There are also several C compilers that use LLVM, but only one, CLANG, is an integral part of the LLVM project. As pmk pointed out, there is also an LLVM Fortran compiler under development, based on what started as F18. There are other Fortran compilers that use parts of LLVM, but only the F18-baased one is an official part of the LLVM project, and is now called FLANG. (I’ve heard that the previous “pretenders” that fancied themselves as “Flang” are now informally referred to as “Flung”. )

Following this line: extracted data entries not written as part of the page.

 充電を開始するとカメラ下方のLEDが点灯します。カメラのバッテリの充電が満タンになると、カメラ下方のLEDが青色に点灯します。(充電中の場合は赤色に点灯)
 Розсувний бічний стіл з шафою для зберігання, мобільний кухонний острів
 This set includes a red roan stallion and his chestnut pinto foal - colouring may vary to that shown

That is a very interesting take.
The classic Flang frontend (GitHub - flang-compiler/flang: Flang is a Fortran language front-end designed for integration with LLVM.) continues to be developed and is the base of at least the Arm, AMD and Huawei Fortran compilers. The plan is to eventually move to using the F18 (or llvm/flang) frontend when it becomes ready. Classic Flang frontend community members are also part of the F18 community and make contributions to F18.
I’m so old that I remember when g95 was a better compiler than gfortran . Which open source effort is in the lead can change over time.

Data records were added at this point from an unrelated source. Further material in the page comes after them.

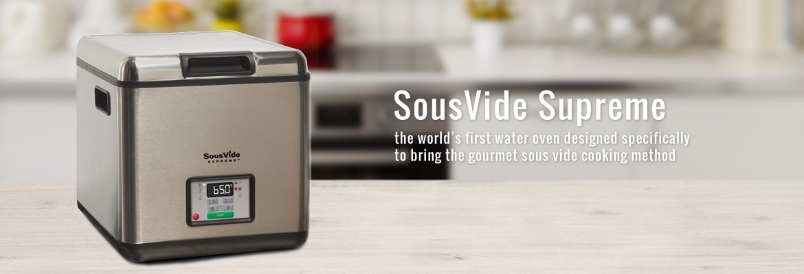 The SousVide Supreme is the world’s first water oven designed specifically to bring the gourmet sous vide cooking method into home and small restaurant kitchens. Sous Vide cooking locks in the flavor and preserves the nutritional quality of whatever food is cooked inside. The result is food of incomparable taste and texture: steak perfectly cooked edge-to-edge, vibrant vegetables, juicy tender chicken breasts, and ribs with the meat literally falling off the bone. All at the push of a button.
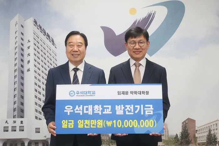 우석대학교(총장 남천현)의 발전을 위해 임재윤 약학대학장이 발전기금 1000만 원을 쾌척했다.
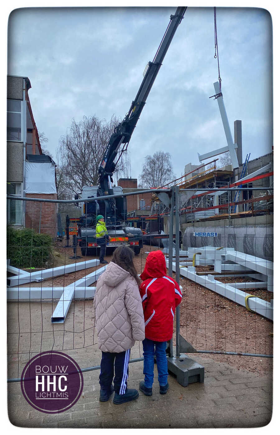 Maar de werken werden na de vakantie hervat en het gaat louter opwaarts. Week na week zien wij het gebouw hoger rijzen. De contouren worden almaar duidelijker. De liftkoker tekent zich scherp af tegen de hemel en de trappen werden met een machtige kraan op hun plaats gehesen. Dit was een schouwspel dat menig paar kinderogen deed glinsteren. Vanop de speelplaats van de lagere school wordt de werf met grote belangstelling gadegeslagen. Nieuwsgierige kindjes volgen elke beweging.
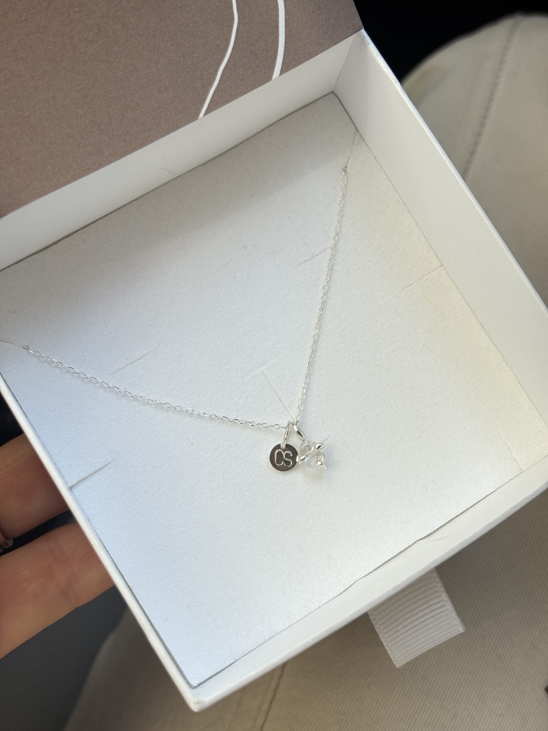 Kézzel készült, ezüst ékszer választható ásvány és/vagy betűs medállal.
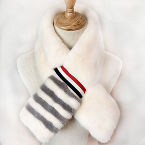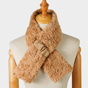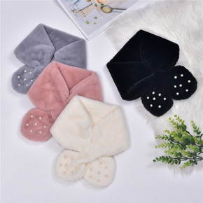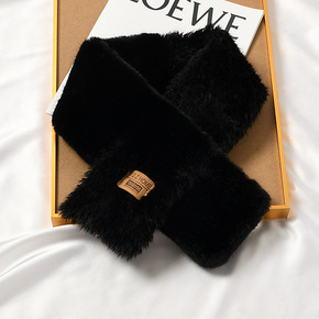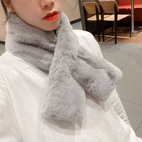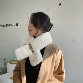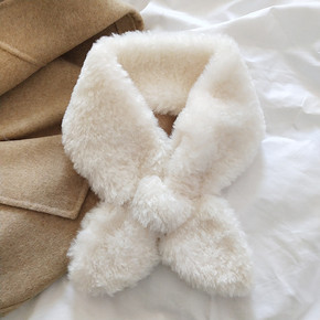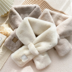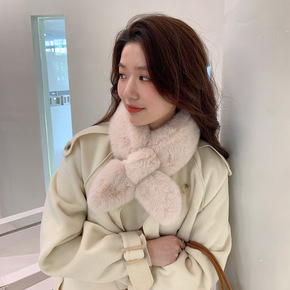 韩国chic风加厚纯色毛毛围脖冬季保暖仿獭兔毛交叉...

I cannot use Flang because it has trouble with I/O of derived types. Maybe someone in the GSoC can work on this, after checking with their mentor. This program causes an ICE for
clang version 7.0.1
Target: x86_64-pc-linux-gnu
Thread model: posix
program main
! 12/19/2020 07:55 PM -- crash the flang compiler, reported at https://github.com/flang-compiler/flang/issues/961
implicit none
type :: foo
integer :: bar
end type foo
type(foo) :: x(1)
x%bar = 0
print*,x([1])
end program main
Apologies for the issue you are facing with Flang.

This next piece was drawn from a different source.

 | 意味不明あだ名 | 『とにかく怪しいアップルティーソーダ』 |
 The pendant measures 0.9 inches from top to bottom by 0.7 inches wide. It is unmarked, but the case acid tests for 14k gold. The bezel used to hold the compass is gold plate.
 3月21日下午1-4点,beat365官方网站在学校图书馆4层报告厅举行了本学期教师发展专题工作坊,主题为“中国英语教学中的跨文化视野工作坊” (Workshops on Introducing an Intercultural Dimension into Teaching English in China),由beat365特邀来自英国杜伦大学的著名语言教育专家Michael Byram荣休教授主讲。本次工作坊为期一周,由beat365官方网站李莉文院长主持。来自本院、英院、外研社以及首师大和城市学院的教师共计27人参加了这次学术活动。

Is this part of an application that is commonly used?
No, it is from a program for personal use. I am grateful for all open source efforts, and no apology is needed.
That’s an interesting topic. At some time there was a flang project, probably the first one, which still needed a proper Fortran compiler at the end to actually produce assembler code, so it only transferred the Fortran code into a parse tree. Now, as I understand the new flang/f18 already compiles code into a binary program? And that comes automatically with LLVM?
I had the same question, and it took me a fair amount of searching to find this discussion.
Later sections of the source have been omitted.